Barbara had worked hard to pull herself up from a humble background, and she was adamant about marrying someone from a better social class than the one she had been born into. “My family was as poor as you can get,” Barbara told me years later. Born on November 23, 1937, she was one of seven children of George and Annie Crowley, native Bostonians. “As far back as I can remember, we were on some kind of welfare, and it’s hard to get poorer than that.”
When Barbara was a small child, her father worked as a welder for Bethlehem Steel in the vast Boston shipyards. Annie took in laundry and ironing to supplement George’s meager earnings. The family lived in a modest house in Chelsea, a working-class neighborhood in Boston. When Barbara was five, her father fell from a scaffold at the shipyards and injured his arm. Doctors discovered during an examination that he had multiple sclerosis, a degenerative disease that impairs the muscles and damages the nervous system. A short time after the accident, he became bedridden.
“My mother went to work as a waitress,” said Barbara’s older sister, Annie Crowley Nelson. “My brothers sold newspapers and I baby-sat. Everyone had a job because my father was sick for a long time before he passed away.”
Barbara was just eight when her father died. A year later, her mother married another Boston laborer, Oscar Knight Smith, who moved the family to Mercer, an isolated hamlet in central Maine. Smith found a job at a local paper mill, but his meager salary was barely enough to keep the family fed, clothed, and sheltered. Shortly after the wedding, Smith got sick and doctors found a brain tumor. It was not the first. Years earlier, doctors had removed a section of his skull to extract another tumor. The surgery on this second tumor left Smith partially paralyzed. Once again, the family was in wretched financial shape.

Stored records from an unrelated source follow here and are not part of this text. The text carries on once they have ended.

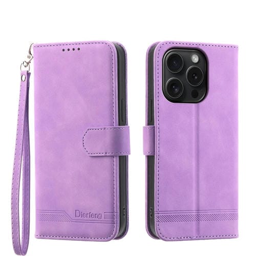 Funda para Teléfono Dierfeng Dream Line TPU + Cuero Pu para iPhone 15 Pro (Púrpura)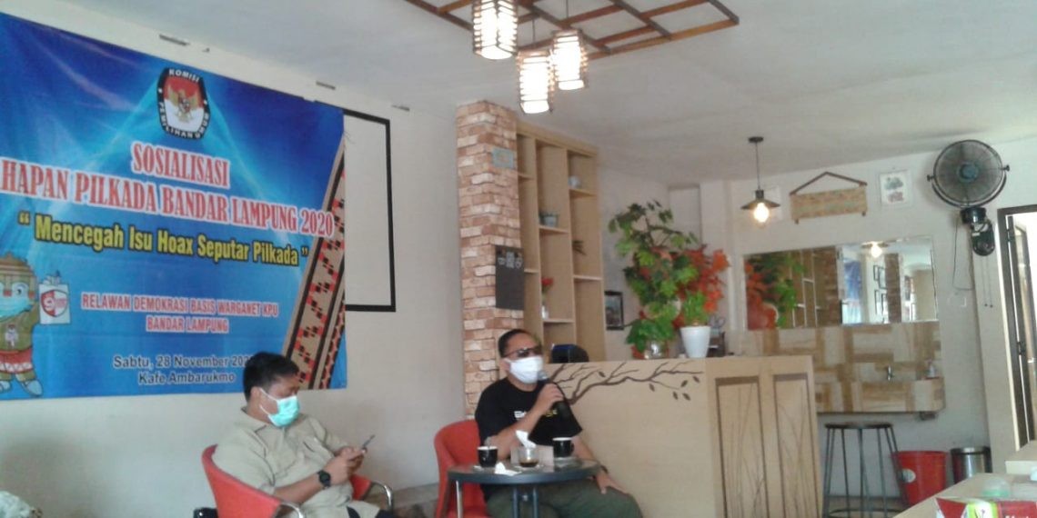 BANDAR LAMPUNG — Relawan Demokrasi KPU Kota Bandar Lampung basis warganet (netizen) melaksanakan kegiatan sosialisasi Pilkada di Cafe Ambarukmo, Kedaton, Bandar Lampung, Sabtu (28/11/2020).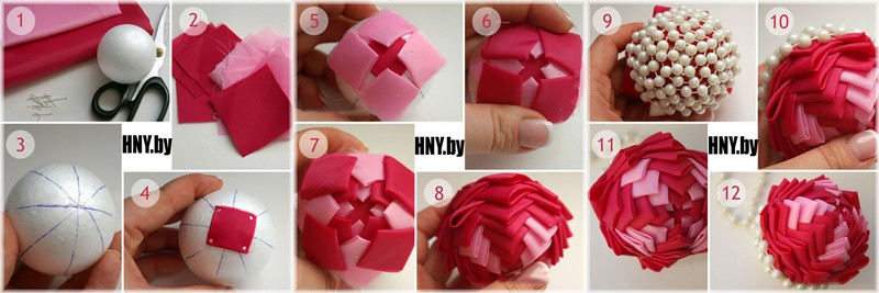 - Изделие нужно украсить с помощью лент, бусин и цветочков из ткани. А для подвески следует пришить веревочку. Получилась елочная игрушка, непохожая своей оригинальностью ни на какие другие. Для детей такой вариант поделки из воздушных шаров на Новый год 2022 своими руками изготовленный придется по душе.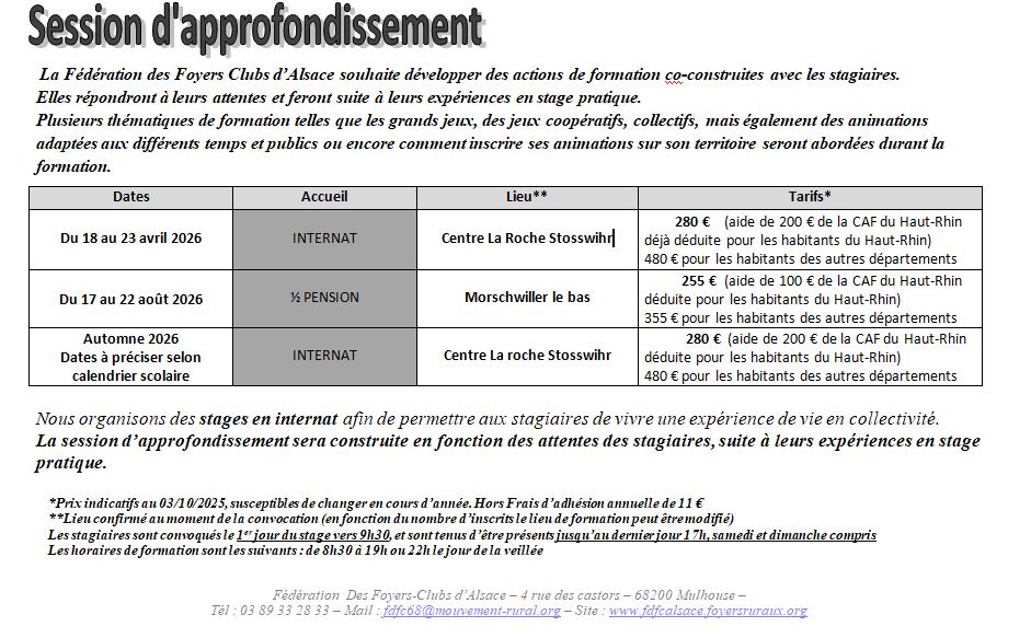 – Renvoyer le dossier d’inscription à : Fédération des Foyers Clubs d’Alsace – 4 rue des Castors 68200 MULHOUSE ou par mail : fdfc68@mouvement-rural.org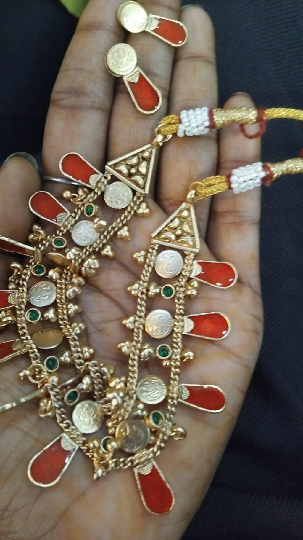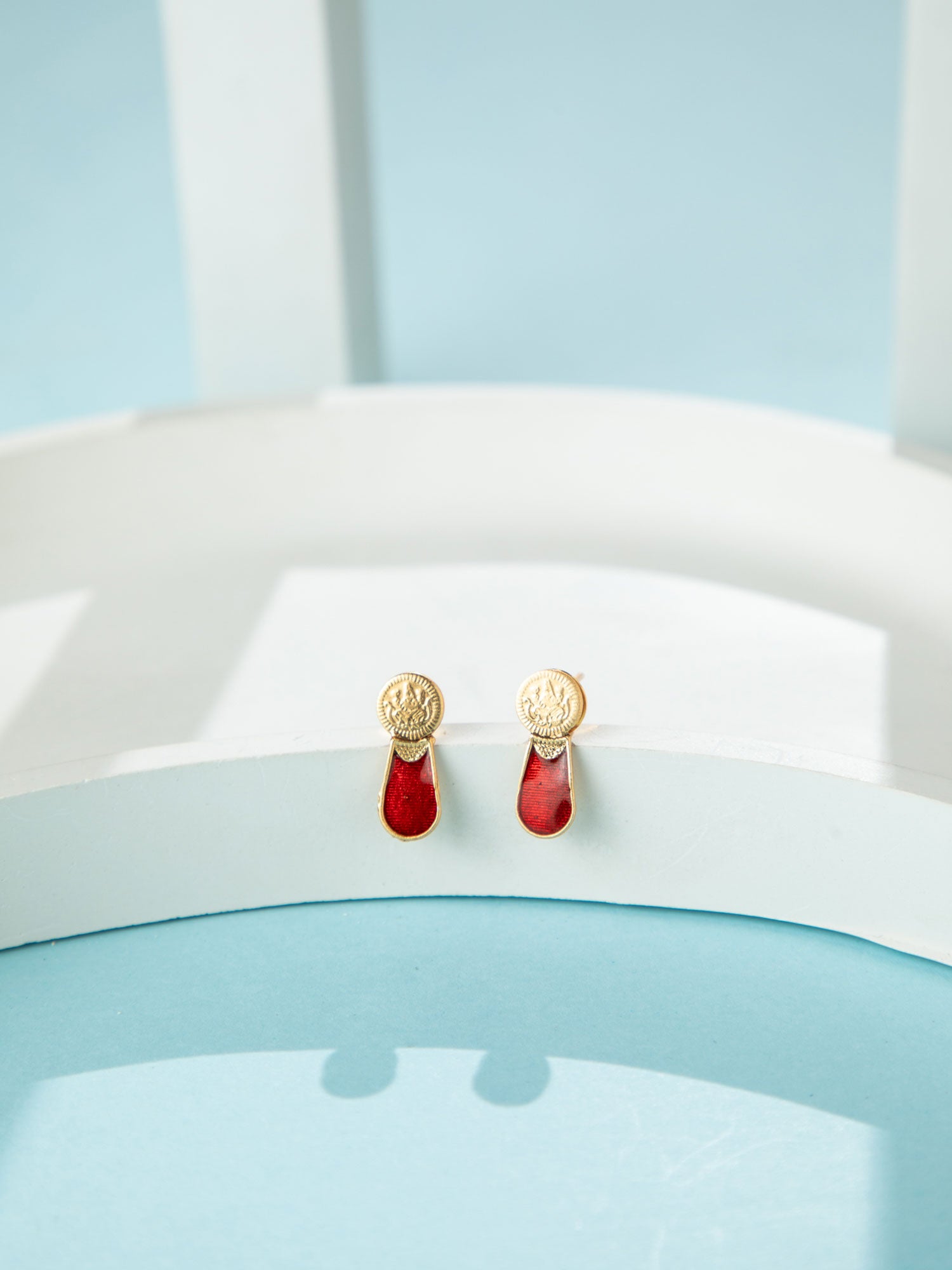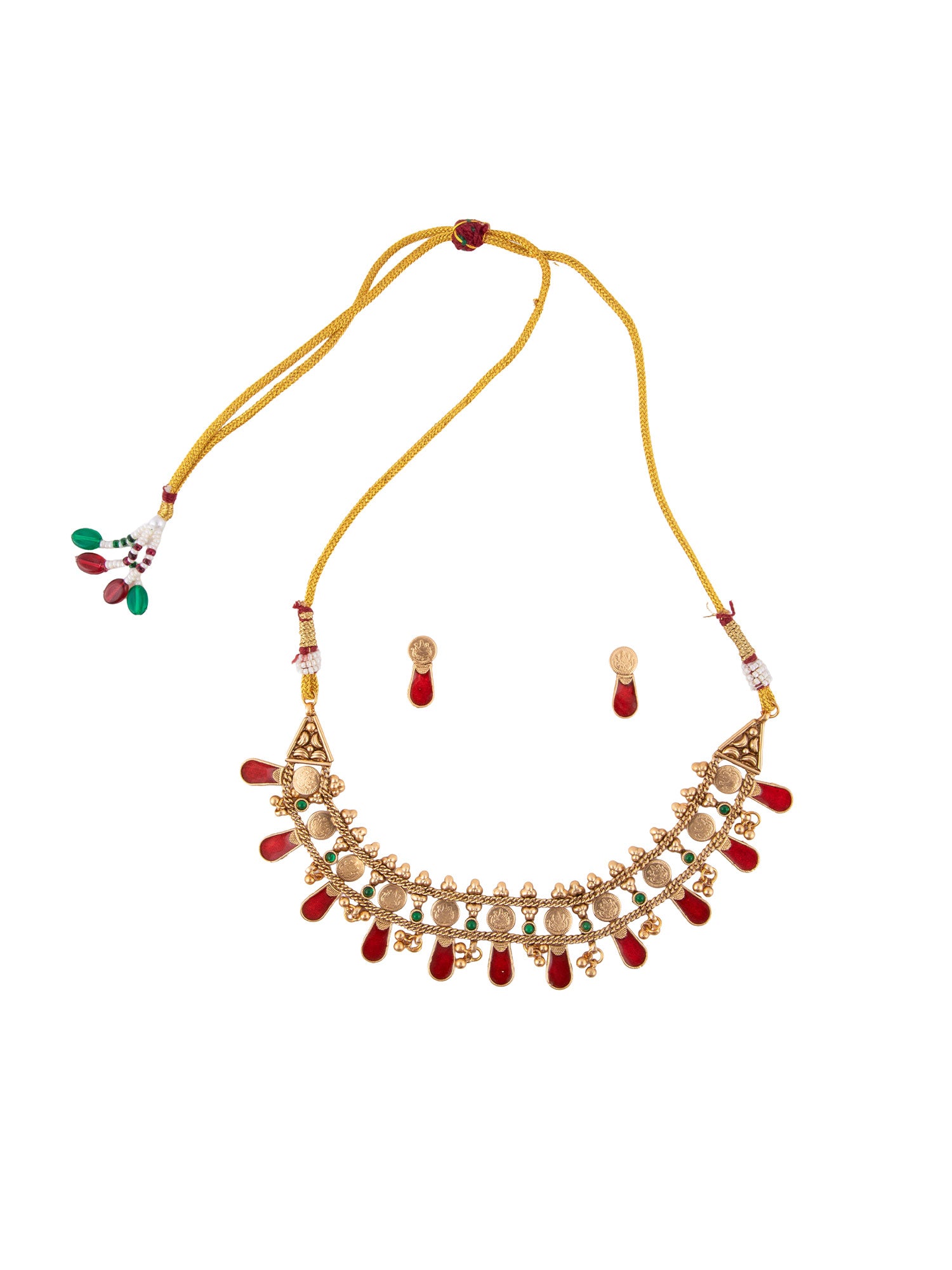 24K Gold Plated Lakshmi Coin Meenakari Necklace and Stud Earrings Set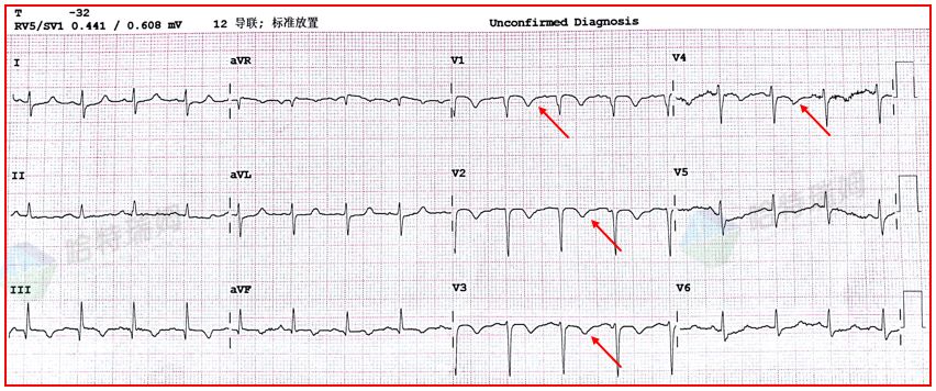 除此以外,V4~V6导联的R波幅度升高,且RV4> RV5> RV3,此为肥厚心肌除极向量增大的结果。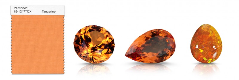 Pantone считает цвет Tangerine (англ. «мандариновый») «спонтанным», «энергичным» и «приветливым». Горные породы сохранили множество драгоценных камней, цвет которых соответствует такому описанию. Эти сногсшибательные самоцветы могут стать идеальными красочными центральными камнями в имиджевых украшениях.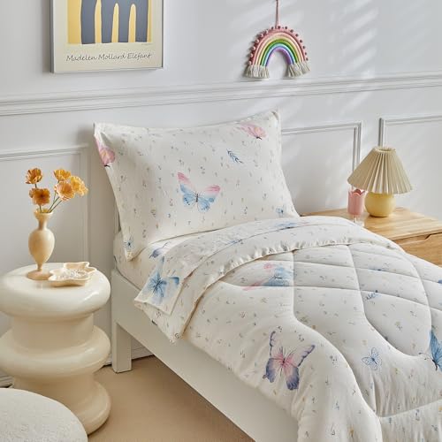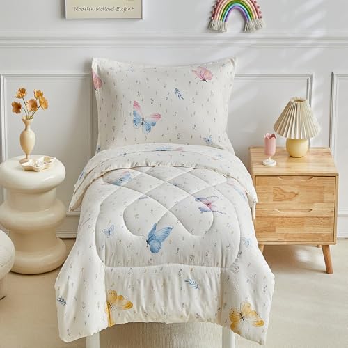 Specification: DuShow Butterfly Toddler Bedding Set,4 Pieces Bed-in-a-Bag Toddler Comforter Sheet Set,Ultra Crib Bedding Set for Toddler Girls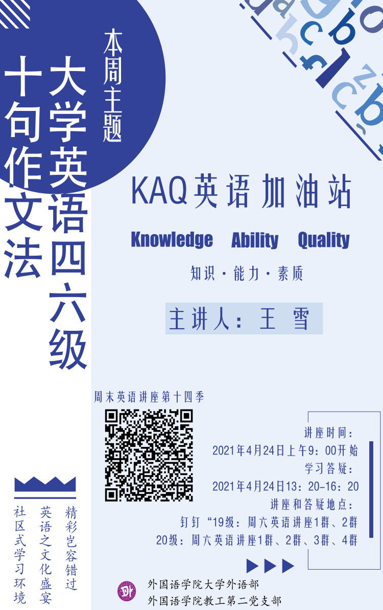 为了帮助同学们为即将到来的四六级考试做好准备,2021年4月24日周六上午9点,大学外语部的王雪老师给同学们带来了以“大学英语四六级十句作文法”为主题的讲座。讲座开始,王老师先介绍了中国水墨画创作中常用的一种手法——“留白”,王老师以南宋马远的《寒江独钓图》为例,引导学生领略中国水墨画留白“此处无物胜有物”的美感,同时指出,“留白”可以使画面构图协调,减少构图太满给人的压抑感,很自然地引导观众把目光投向主体。接着,王老师指出,四六级英语优秀作文的“谋篇布局”可以模仿水墨画中的“构图”,以避免写出“懒婆娘的裹脚布又长又臭的长而空洞的文章”,并在30分钟内写出150~180词汇的有思想,有内容,层次清晰,文字通顺的短文。最后,王老师提出了自己独创的十句作文法精髓,即:水墨中国画,留白才会美;英语四六级,三点定高分。运用这个方法可以使四六级作文“麻雀虽小,五脏俱全”,并具有起首短,正文短和结尾短的特点。

“I was in ninth grade and it was Christmas when my stepfather suddenly told me that I wasn’t going to go back to school,” Barbara Walker complained bitterly to me. “He told me that I had to get a job, and he and my mother sent me to a fish factory where I cut frozen fish.
“Friday,” Barbara Walker continued, “was my mother’s favorite day because that is when she came to pick up my paycheck.”
Barbara told me that she hated her stepfather. “I left home on my eighteenth birthday – the minute I was legally old enough,” she said.
Barbara moved in with the family of a friend in Boston and eventually went to work as a keypunch operator at the Federal Reserve Bank.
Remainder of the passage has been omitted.